- Native name: Николай Филиппович Лукашевич
- Born: 15 January 1941 Byelorussian SSR, Soviet Union
- Died: 15 June 2021 (aged 80) Moscow, Russia
- Buried: Federal Military Memorial Cemetery, Moscow Oblast
- Allegiance: Soviet Union Russia
- Branch: Soviet Border Forces FSB Border Service
- Service years: 1961–1999
- Rank: Colonel General
- Commands: Far Eastern Border District [ru]
- Awards: Order of Friendship of Peoples Order of the Red Star

= Nikolai Lukashevich =

Russian military officer (1941–2021)

Nikolai Filippovich Lukashevich (Николай Филиппович Лукашевич; 15 January 1941 – 15 June 2021) was an officer of the Soviet military who held a number of posts in the Soviet Border Forces, and later the FSB Border Service, reaching the rank of colonel general.

== Career ==
Lukashevich was born on 15 January 1941 in what was then the Byelorussian Soviet Socialist Republic, in the Soviet Union.

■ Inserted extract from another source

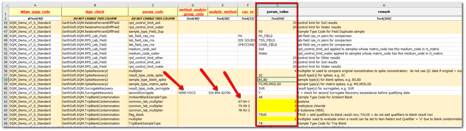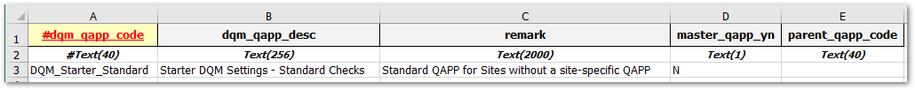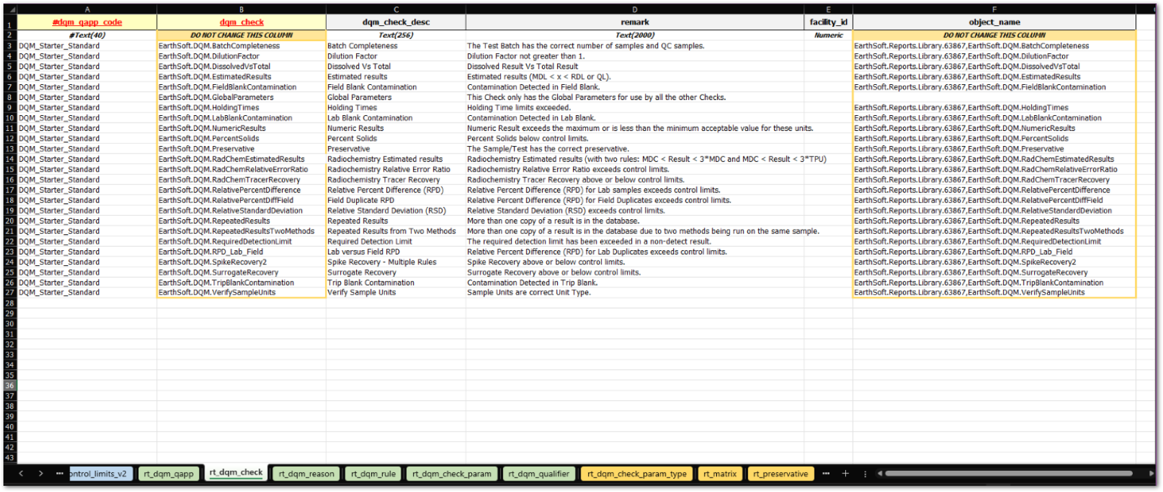 a.Open the DQM QAPP EDD to the RT_DQM_CHECK_PARAM spreadsheet. The DQM Starter QAPP file comes pre-populated with all the parameters for all available DQM checks.

He joined the Soviet Border Forces in 1961, and in 1965 graduated from the Alma-Ata Higher Command Border School. He was initially posted to serve in various positions in the KGB's Eastern Border District, in the territory of the Kazakh Soviet Socialist Republic. Here he spent the next 20 years, rising from the rank of lieutenant to colonel, and from the position of deputy commander of a border outpost, to head of a front-line detachment.

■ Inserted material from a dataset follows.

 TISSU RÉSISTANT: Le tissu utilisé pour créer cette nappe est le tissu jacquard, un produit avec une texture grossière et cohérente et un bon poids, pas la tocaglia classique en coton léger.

Lukashevich enrolled in the Frunze Military Academy in 1971, graduating in 1974. He went on to be deputy chief and chief of staff of the 132nd Chundzhinsky Border Detachment of the Eastern Border District until 1981, and then head of the Border Detachment, based at Chundzha, until 1986. In 1984 his detachment received an "excellent" mark from the Chairman of the KGB for its performance in live-fire exercises. In 1986 he became deputy chief of staff of the Eastern Border District, and that year enrolled in the Military Academy of the General Staff of the Armed Forces. He was a student there until 1988, and after graduating, he was appointed deputy chief of forces of the Transcaucasian Border District in August that year. He held this position until 7 April 1990, when he was appointed head of the Alma-Ata Higher Command Border School. He continued to hold this post through the period of the dissolution of the Soviet Union in December 1991, but by 1992 the academy had become part of the newly independent Kazakhstan, and Lukashevich left to become head of the Russian Federation's Far Eastern Border District.

In May 1994 he joined the Academy of Border Forces, and from 1996 was a professor at the FSB Academy. He retired from the military in 1999 with the rank of colonel general, and went to work at the Atlas Science and Technology Center
until 2008. Having become a specialist in the field of geopolitics and the theory of command and control, he wrote more than 20 scientific works, including three monographs, two textbooks and a number of teaching aids.

Lukashevich died on 15 June 2021 at the age of 80. He was buried at the Federal Military Memorial Cemetery on 17 June. Over his career he received numerous awards and honours, including the Order of Friendship of Peoples and the Order of the Red Star, various departmental awards, and 27 medals.